*Data shown*.
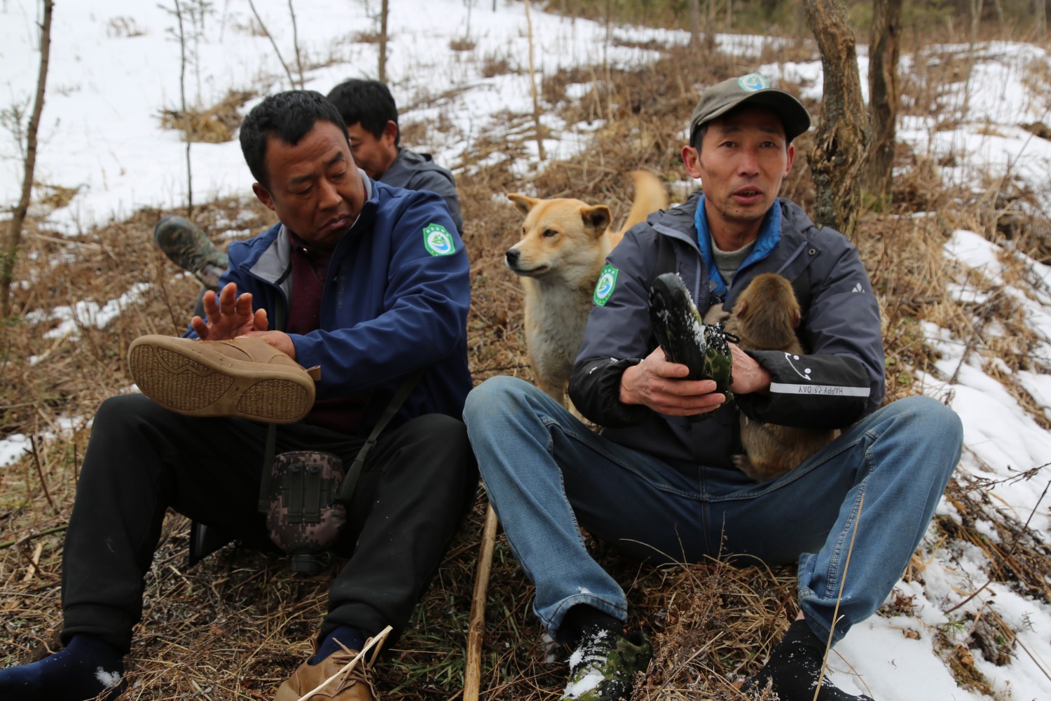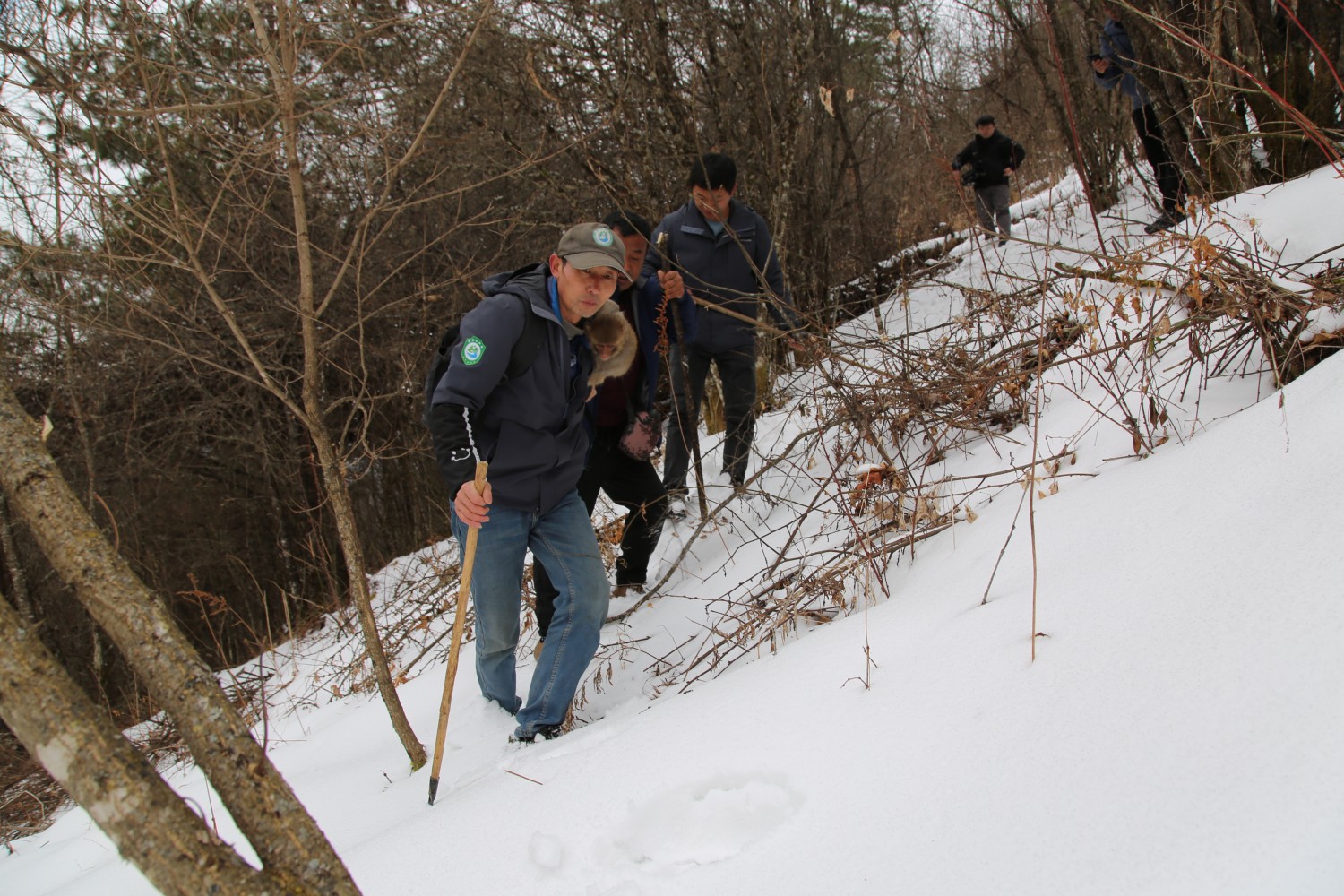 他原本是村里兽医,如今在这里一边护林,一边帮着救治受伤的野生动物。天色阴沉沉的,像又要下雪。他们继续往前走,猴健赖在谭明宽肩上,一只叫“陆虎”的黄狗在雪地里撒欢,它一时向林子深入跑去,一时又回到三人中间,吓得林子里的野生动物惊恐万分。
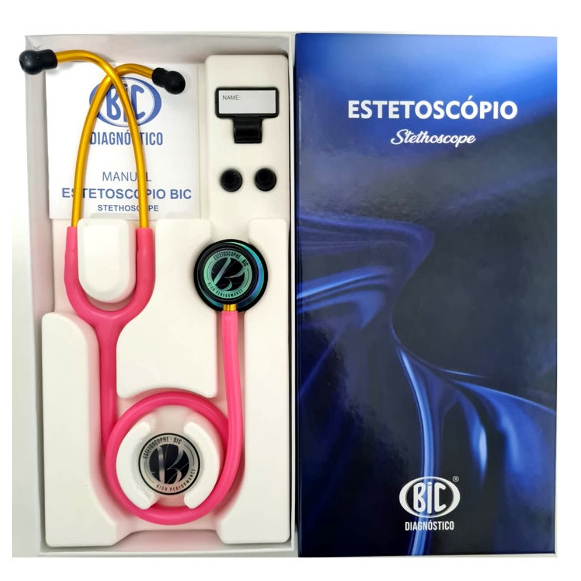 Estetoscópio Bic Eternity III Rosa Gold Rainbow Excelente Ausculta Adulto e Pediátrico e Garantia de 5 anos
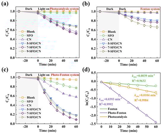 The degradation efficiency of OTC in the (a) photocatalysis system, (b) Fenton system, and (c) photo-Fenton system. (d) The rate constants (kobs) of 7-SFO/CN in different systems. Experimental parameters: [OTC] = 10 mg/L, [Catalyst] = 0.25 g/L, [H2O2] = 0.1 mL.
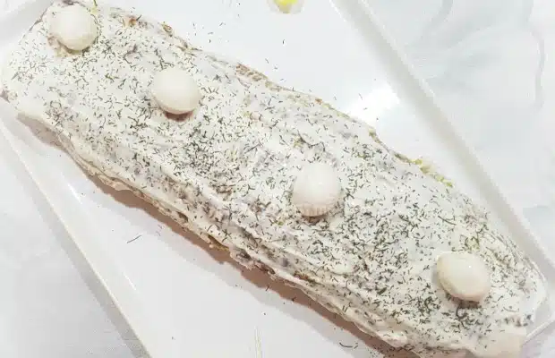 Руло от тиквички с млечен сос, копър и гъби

--

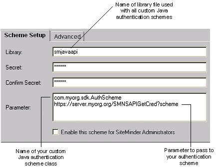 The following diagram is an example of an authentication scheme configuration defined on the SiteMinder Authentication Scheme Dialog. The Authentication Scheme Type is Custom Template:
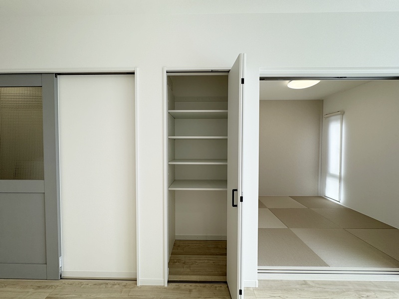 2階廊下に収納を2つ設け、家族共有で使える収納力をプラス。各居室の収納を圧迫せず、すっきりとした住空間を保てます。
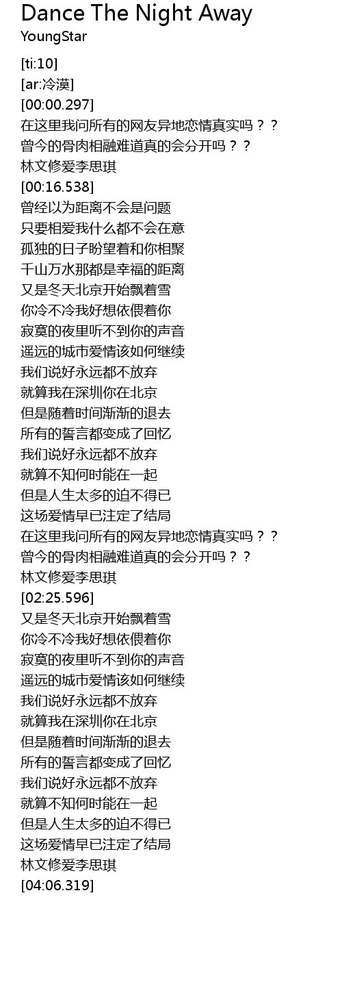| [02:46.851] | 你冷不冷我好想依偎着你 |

*Work task*. Nothing but the lines above from the line with "Estetoscópio Bic Eternity" up to and including the line with "Руло от тиквички с млечен сос, копър и гъби" should be returned, exactly as written and without pictures.

*Expected answer*.
 Estetoscópio Bic Eternity III Rosa Gold Rainbow Excelente Ausculta Adulto e Pediátrico e Garantia de 5 anos
 The degradation efficiency of OTC in the (a) photocatalysis system, (b) Fenton system, and (c) photo-Fenton system. (d) The rate constants (kobs) of 7-SFO/CN in different systems. Experimental parameters: [OTC] = 10 mg/L, [Catalyst] = 0.25 g/L, [H2O2] = 0.1 mL.
 Руло от тиквички с млечен сос, копър и гъби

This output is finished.